### Goal of the exercise
Please repeat exactly the lines below from the one containing "1) Open the" down to the one containing "Keisha approached slowly, clutching", both included, and nothing else.

### Material provided
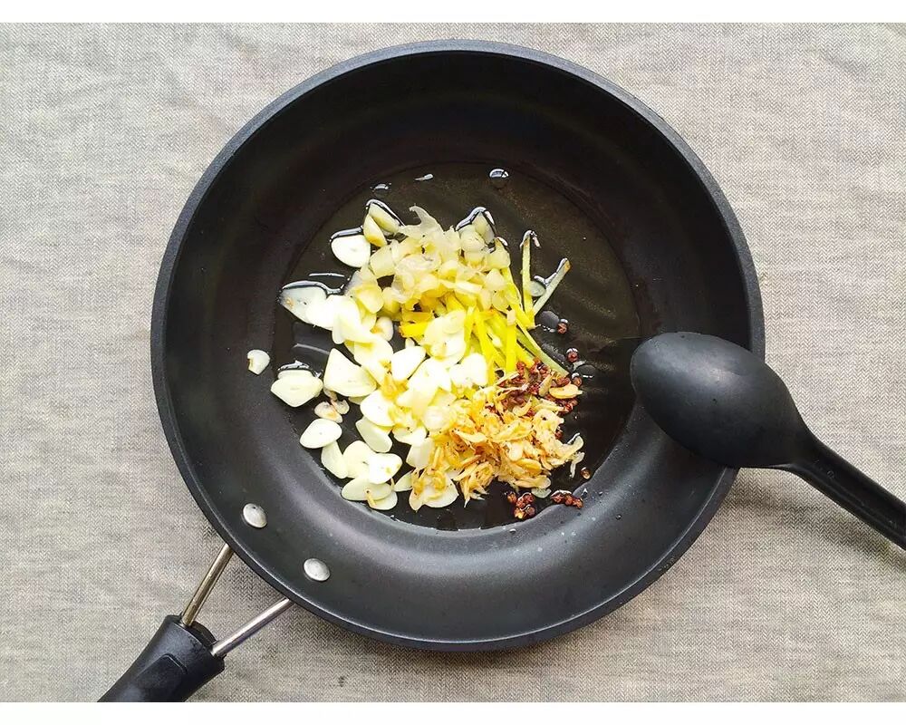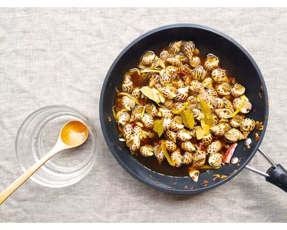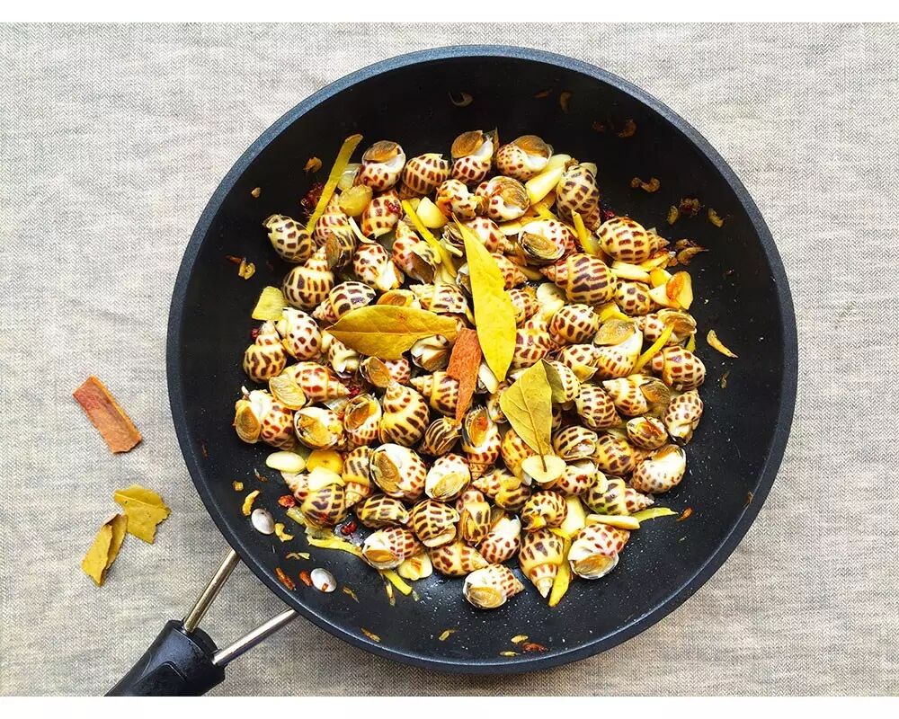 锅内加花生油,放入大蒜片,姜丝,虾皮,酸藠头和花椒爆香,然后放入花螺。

==

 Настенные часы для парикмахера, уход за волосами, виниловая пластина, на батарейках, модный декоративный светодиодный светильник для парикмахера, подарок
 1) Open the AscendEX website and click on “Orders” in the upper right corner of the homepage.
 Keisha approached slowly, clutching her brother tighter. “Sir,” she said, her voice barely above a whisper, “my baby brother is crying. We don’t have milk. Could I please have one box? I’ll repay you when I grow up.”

* * *

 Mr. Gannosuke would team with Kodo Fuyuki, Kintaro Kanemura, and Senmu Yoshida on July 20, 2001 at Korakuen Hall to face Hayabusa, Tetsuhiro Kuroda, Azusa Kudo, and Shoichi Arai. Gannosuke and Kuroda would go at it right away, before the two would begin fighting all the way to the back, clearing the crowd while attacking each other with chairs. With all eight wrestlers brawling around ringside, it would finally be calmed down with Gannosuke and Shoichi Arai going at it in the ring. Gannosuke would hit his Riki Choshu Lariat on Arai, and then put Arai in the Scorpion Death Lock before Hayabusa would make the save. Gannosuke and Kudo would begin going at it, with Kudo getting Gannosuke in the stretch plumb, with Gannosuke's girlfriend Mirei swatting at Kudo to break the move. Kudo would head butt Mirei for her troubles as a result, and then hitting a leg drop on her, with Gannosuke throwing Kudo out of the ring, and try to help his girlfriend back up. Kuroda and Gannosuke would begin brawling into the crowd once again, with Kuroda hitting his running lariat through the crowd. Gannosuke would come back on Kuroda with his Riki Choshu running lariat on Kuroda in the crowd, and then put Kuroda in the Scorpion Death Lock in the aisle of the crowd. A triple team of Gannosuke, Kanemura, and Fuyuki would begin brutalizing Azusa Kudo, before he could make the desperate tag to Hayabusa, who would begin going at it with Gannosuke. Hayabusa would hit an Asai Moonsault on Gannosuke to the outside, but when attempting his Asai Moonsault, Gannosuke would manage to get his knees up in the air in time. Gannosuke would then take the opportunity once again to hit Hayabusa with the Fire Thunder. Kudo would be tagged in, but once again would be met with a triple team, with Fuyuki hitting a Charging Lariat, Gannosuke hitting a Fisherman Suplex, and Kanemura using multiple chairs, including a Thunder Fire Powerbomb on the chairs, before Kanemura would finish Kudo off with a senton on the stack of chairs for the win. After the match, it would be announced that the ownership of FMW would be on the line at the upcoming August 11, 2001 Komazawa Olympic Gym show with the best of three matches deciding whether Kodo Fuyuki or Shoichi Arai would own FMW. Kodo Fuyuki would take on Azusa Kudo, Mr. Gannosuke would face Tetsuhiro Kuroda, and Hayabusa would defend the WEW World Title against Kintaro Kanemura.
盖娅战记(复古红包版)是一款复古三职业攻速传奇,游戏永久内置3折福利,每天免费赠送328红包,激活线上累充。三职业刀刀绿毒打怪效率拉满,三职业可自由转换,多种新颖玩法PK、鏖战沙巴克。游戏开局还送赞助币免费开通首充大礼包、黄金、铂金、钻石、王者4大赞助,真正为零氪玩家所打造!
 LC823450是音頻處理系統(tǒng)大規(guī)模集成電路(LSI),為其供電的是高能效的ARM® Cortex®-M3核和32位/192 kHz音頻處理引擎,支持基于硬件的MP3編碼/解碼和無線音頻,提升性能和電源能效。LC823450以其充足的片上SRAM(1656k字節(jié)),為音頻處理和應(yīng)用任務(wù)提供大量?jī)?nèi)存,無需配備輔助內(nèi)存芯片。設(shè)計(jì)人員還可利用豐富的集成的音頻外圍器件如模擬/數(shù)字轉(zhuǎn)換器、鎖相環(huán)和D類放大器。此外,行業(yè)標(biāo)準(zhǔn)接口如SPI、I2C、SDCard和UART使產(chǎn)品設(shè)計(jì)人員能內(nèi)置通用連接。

### Result of the task
 1) Open the AscendEX website and click on “Orders” in the upper right corner of the homepage.
 Keisha approached slowly, clutching her brother tighter. “Sir,” she said, her voice barely above a whisper, “my baby brother is crying. We don’t have milk. Could I please have one box? I’ll repay you when I grow up.”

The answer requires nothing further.